Elsevier

Carbohydrate Polymers

Volume 67, Issue 4, 19 February 2007, Pages 465-473
Carbohydrate Polymers

Ionic gel formation of a (pseudo)alginate characterised by an alternating MG sequence produced by epimerising mannuronan with AlgE4

https://doi.org/10.1016/j.carbpol.2006.06.020Get rights and content

Abstract

The scope of this paper is the characterization, in terms of viscoelastic and mechanical properties, of ionic gels obtained from solutions of pseudoalginates characterized by a strictly alternating MG sequence (ALG(47%, 0%GG)) in the presence of calcium ions. ALG(47%, 0%GG) was obtained using a recombinantly produced mannuronan C-5 epimerase, named AlgE4 which catalyses the conversion of mannuronic residues into guluronic–mannuronic (GM) blocks. It was established that the kinetics of gelation as well as the mechanical properties and degree of syneresis of the ensuing gels are markedly dependent on both polymer concentration and Ca2+ content.

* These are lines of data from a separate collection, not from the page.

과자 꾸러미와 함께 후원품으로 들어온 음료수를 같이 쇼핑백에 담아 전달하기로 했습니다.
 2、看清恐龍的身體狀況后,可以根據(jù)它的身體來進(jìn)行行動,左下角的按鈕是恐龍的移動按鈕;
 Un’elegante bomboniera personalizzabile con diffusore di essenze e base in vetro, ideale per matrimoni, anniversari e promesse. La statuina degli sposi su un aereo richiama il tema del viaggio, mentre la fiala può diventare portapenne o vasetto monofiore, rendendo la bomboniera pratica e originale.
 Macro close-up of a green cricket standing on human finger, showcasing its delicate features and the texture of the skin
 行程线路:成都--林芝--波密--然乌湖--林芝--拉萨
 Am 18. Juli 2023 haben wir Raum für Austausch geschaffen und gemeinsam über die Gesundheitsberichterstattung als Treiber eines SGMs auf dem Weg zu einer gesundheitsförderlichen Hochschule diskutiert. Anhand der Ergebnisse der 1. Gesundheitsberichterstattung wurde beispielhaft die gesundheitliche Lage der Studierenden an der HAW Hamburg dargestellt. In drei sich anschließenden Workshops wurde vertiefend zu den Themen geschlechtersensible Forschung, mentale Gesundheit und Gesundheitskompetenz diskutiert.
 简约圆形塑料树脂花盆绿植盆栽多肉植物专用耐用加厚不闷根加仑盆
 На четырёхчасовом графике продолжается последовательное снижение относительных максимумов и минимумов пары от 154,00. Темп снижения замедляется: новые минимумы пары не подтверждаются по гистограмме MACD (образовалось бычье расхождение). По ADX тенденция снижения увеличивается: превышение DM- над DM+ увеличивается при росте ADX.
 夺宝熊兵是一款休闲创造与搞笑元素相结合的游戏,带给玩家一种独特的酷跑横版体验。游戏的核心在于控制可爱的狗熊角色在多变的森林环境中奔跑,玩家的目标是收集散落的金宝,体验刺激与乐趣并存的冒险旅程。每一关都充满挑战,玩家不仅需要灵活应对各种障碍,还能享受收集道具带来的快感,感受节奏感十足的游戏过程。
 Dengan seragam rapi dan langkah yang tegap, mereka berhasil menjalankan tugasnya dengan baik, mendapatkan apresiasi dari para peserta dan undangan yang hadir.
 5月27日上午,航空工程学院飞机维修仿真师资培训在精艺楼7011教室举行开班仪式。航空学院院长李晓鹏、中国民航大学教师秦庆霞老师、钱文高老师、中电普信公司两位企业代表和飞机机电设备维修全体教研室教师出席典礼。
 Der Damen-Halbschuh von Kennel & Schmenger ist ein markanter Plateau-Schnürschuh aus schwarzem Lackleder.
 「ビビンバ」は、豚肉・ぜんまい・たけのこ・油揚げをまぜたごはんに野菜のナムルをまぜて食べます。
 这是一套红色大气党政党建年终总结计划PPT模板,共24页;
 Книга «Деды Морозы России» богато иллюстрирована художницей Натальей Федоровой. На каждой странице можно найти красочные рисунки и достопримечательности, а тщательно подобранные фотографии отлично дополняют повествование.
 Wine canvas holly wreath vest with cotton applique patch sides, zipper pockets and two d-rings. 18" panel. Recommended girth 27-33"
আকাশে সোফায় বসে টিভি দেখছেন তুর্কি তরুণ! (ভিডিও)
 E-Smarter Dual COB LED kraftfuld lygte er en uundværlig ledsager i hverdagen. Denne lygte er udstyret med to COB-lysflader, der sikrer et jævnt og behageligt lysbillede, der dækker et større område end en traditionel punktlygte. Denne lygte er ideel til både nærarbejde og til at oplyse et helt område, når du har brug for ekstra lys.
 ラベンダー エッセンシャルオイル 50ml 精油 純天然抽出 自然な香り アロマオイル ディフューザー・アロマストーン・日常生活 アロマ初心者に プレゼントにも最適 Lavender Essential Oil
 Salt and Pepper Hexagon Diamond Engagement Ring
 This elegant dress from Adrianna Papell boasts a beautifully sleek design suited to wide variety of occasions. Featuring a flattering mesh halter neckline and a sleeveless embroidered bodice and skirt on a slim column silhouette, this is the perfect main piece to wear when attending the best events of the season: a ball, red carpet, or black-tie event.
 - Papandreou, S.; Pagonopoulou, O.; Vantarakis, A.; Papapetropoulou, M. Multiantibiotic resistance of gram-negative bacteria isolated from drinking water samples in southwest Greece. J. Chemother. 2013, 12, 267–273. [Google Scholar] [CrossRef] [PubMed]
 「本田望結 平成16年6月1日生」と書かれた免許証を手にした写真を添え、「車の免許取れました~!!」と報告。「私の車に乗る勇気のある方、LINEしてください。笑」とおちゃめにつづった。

The molecular dynamic investigation was carried out on a comparative basis between poly(MG) vs. poly(G) and demonstrated that in the case of poly(MG) the structural unit composed by two calcium paired MG oligomer enjoy a higher degree of flexibility in comparison to the equivalent structure based on GG sequence. Furthermore, the electrostatic interaction between Ca2+ ions and carboxylate groups of M and G units is the main driving force to gel formation.

Introduction

Alginate is a binary co-polymer of β-d-mannuronate (M) and α-l-guluronate (G) arranged in a block-wise pattern along the linear chain. This polymer has wide industrial applications due to its viscosifying, gelling, suspending and ion-binding abilities. (Smidsrød & Draget, 1996).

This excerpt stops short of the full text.